**Exercise data**.
•••
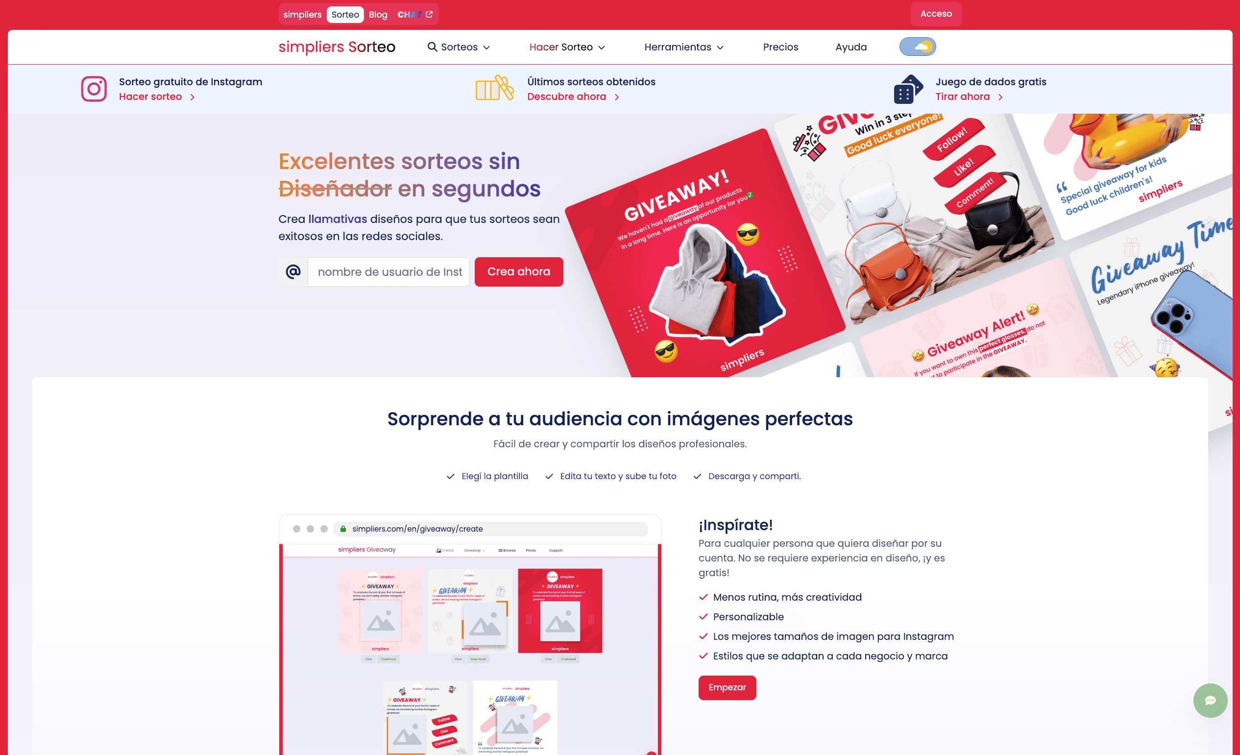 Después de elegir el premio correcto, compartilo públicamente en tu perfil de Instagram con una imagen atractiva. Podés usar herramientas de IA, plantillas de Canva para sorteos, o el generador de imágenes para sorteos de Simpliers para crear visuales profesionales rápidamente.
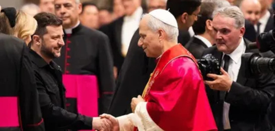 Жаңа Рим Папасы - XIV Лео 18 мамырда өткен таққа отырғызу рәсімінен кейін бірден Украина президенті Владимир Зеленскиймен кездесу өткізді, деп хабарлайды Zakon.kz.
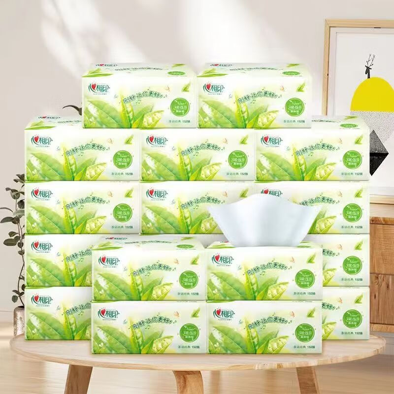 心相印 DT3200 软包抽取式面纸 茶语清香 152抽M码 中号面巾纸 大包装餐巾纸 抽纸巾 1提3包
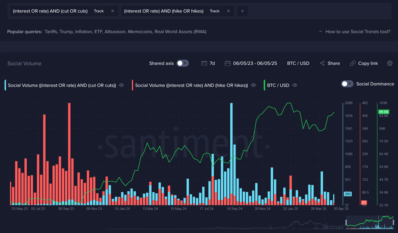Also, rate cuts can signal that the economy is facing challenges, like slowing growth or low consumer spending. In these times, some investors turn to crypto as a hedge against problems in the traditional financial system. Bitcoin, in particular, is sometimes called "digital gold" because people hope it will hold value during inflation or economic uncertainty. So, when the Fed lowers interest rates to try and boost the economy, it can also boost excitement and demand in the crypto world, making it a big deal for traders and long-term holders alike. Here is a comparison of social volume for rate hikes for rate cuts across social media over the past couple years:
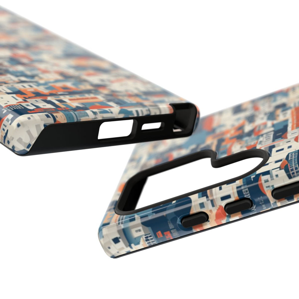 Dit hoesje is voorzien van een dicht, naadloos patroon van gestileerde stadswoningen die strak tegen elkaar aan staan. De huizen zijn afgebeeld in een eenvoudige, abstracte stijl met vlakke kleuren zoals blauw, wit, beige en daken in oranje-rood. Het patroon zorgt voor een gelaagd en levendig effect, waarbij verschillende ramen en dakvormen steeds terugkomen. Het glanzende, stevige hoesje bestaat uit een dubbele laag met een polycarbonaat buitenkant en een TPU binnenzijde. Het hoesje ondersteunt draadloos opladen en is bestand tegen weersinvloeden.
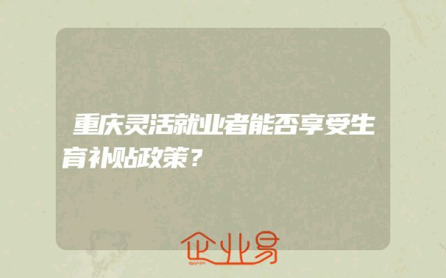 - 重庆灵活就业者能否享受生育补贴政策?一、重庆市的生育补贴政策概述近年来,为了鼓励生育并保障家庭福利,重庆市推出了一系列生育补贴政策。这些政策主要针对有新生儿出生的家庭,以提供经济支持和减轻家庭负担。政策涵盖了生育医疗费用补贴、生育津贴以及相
•••
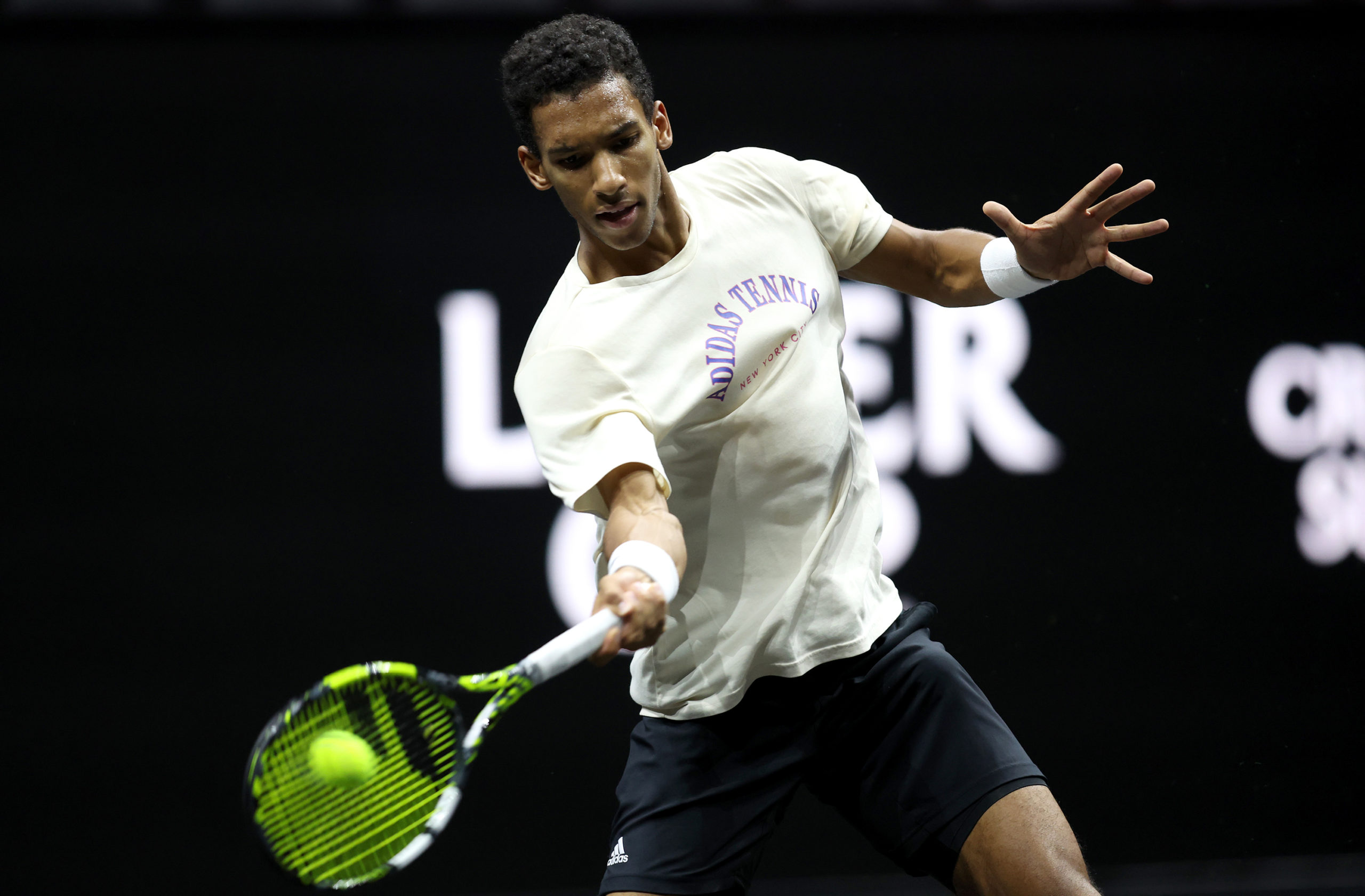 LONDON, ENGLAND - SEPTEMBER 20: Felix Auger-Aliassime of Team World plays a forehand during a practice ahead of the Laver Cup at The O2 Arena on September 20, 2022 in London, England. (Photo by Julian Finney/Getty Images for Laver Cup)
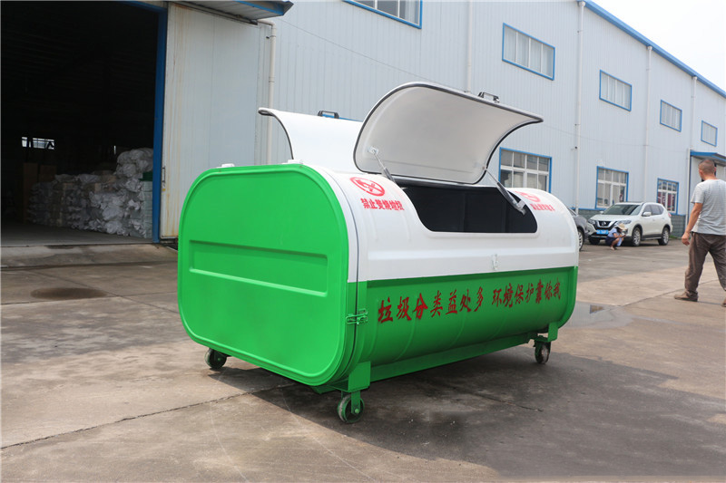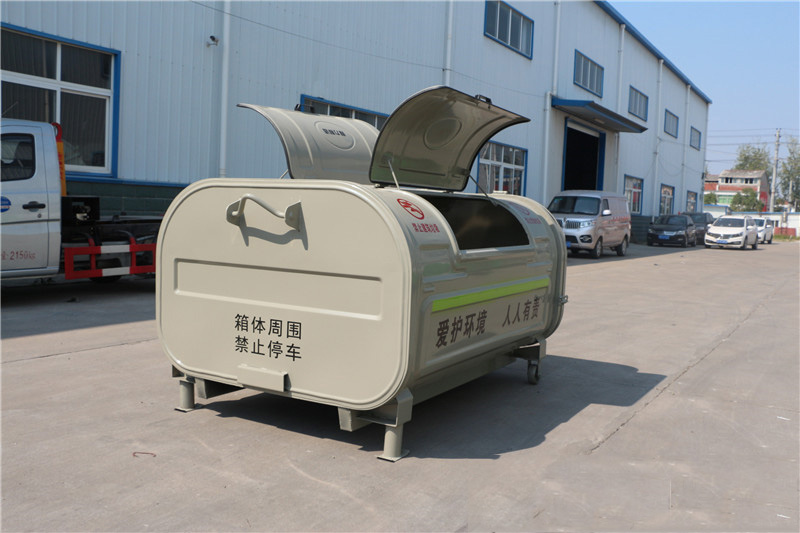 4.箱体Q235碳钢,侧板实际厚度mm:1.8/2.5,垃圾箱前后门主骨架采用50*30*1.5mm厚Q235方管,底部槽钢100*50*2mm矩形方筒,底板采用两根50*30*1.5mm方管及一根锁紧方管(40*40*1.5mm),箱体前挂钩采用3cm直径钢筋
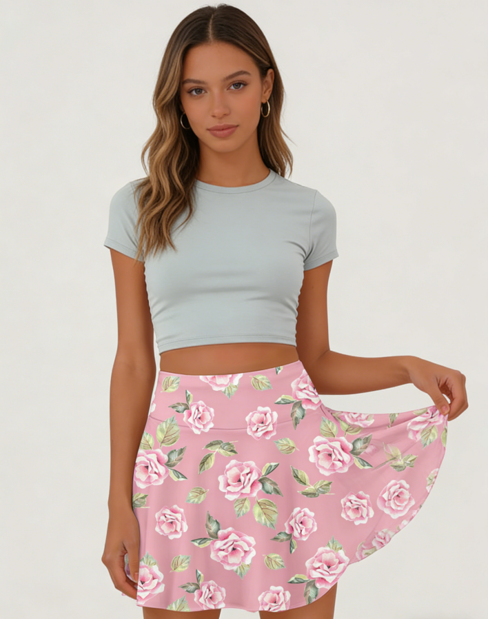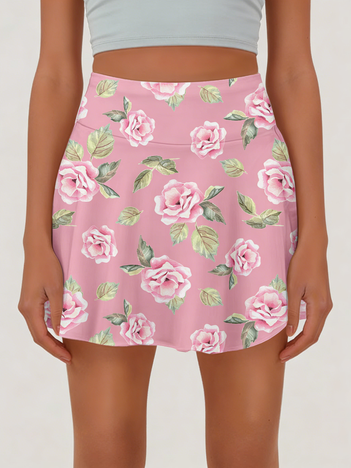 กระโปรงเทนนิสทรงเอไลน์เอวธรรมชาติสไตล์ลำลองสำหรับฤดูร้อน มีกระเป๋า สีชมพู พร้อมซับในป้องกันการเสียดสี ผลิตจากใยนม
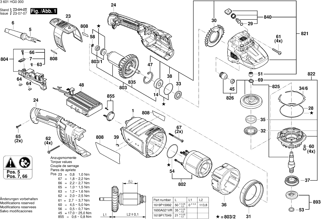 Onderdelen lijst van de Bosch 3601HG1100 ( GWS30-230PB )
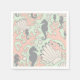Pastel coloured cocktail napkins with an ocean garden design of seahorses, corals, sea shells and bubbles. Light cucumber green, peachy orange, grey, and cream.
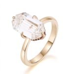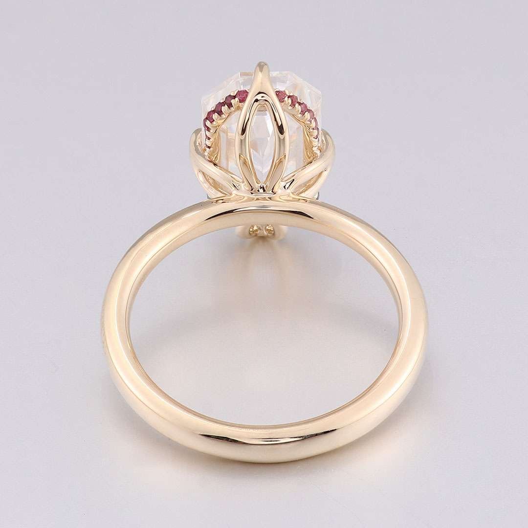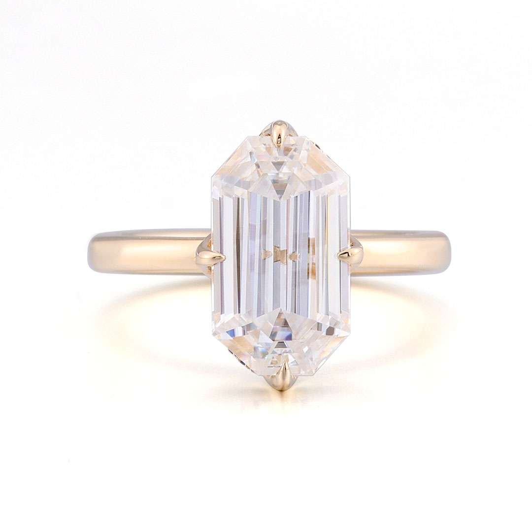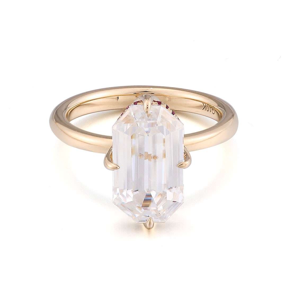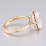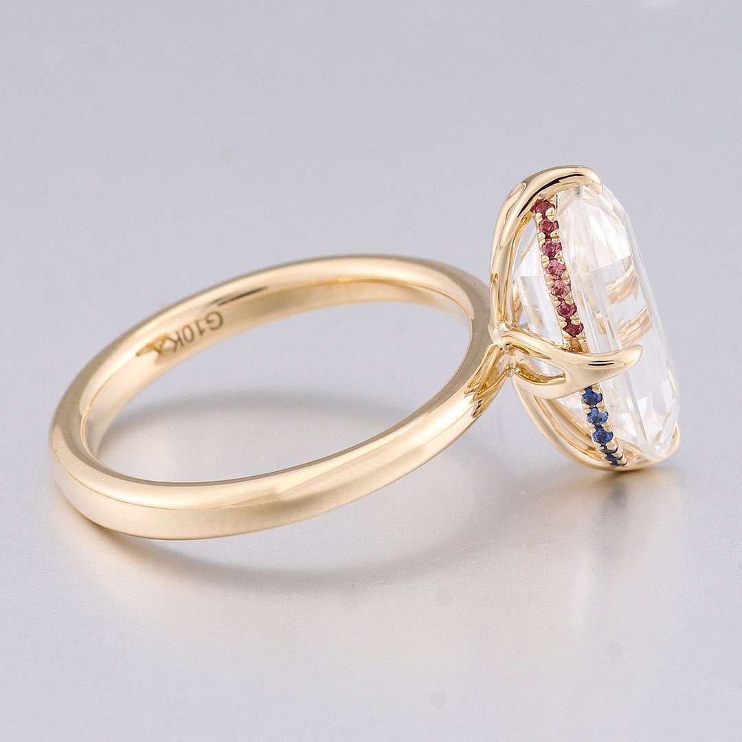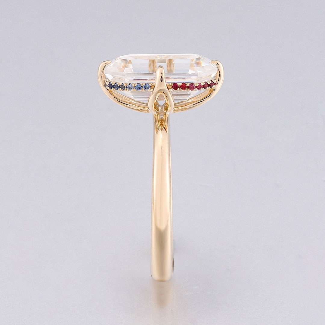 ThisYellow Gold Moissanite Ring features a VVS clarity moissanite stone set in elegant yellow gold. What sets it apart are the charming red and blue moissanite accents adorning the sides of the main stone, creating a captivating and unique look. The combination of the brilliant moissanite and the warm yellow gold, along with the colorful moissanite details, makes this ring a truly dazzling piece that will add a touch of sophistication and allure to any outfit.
•••
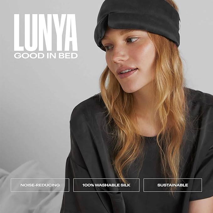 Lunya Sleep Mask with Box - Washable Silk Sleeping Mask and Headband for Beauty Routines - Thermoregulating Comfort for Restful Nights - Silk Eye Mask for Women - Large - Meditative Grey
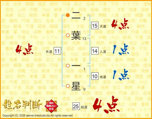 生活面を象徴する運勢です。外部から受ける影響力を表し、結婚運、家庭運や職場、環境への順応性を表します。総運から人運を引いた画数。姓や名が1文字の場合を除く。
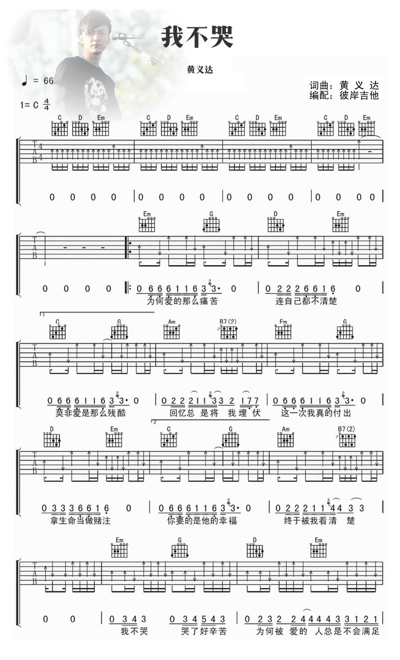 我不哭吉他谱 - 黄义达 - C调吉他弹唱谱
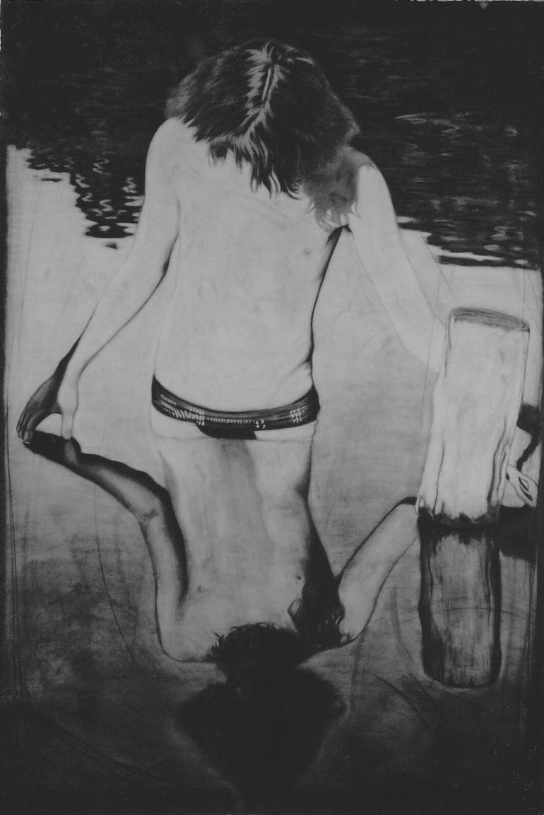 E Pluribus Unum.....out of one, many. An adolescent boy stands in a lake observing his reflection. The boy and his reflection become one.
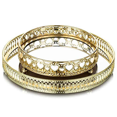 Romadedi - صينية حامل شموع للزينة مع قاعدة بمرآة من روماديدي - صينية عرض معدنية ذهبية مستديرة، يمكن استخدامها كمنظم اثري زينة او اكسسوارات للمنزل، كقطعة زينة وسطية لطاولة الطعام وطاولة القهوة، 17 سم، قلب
•••
**Work task**. Taking the entries above, copy word for word the lines from the one with "Después de elegir" up to and including the one with "- 重庆灵活就业者能否享受生", without any picture.

**Answer**.
 Después de elegir el premio correcto, compartilo públicamente en tu perfil de Instagram con una imagen atractiva. Podés usar herramientas de IA, plantillas de Canva para sorteos, o el generador de imágenes para sorteos de Simpliers para crear visuales profesionales rápidamente.
 Жаңа Рим Папасы - XIV Лео 18 мамырда өткен таққа отырғызу рәсімінен кейін бірден Украина президенті Владимир Зеленскиймен кездесу өткізді, деп хабарлайды Zakon.kz.
 心相印 DT3200 软包抽取式面纸 茶语清香 152抽M码 中号面巾纸 大包装餐巾纸 抽纸巾 1提3包
Also, rate cuts can signal that the economy is facing challenges, like slowing growth or low consumer spending. In these times, some investors turn to crypto as a hedge against problems in the traditional financial system. Bitcoin, in particular, is sometimes called "digital gold" because people hope it will hold value during inflation or economic uncertainty. So, when the Fed lowers interest rates to try and boost the economy, it can also boost excitement and demand in the crypto world, making it a big deal for traders and long-term holders alike. Here is a comparison of social volume for rate hikes for rate cuts across social media over the past couple years:
 Dit hoesje is voorzien van een dicht, naadloos patroon van gestileerde stadswoningen die strak tegen elkaar aan staan. De huizen zijn afgebeeld in een eenvoudige, abstracte stijl met vlakke kleuren zoals blauw, wit, beige en daken in oranje-rood. Het patroon zorgt voor een gelaagd en levendig effect, waarbij verschillende ramen en dakvormen steeds terugkomen. Het glanzende, stevige hoesje bestaat uit een dubbele laag met een polycarbonaat buitenkant en een TPU binnenzijde. Het hoesje ondersteunt draadloos opladen en is bestand tegen weersinvloeden.
 - 重庆灵活就业者能否享受生育补贴政策?一、重庆市的生育补贴政策概述近年来,为了鼓励生育并保障家庭福利,重庆市推出了一系列生育补贴政策。这些政策主要针对有新生儿出生的家庭,以提供经济支持和减轻家庭负担。政策涵盖了生育医疗费用补贴、生育津贴以及相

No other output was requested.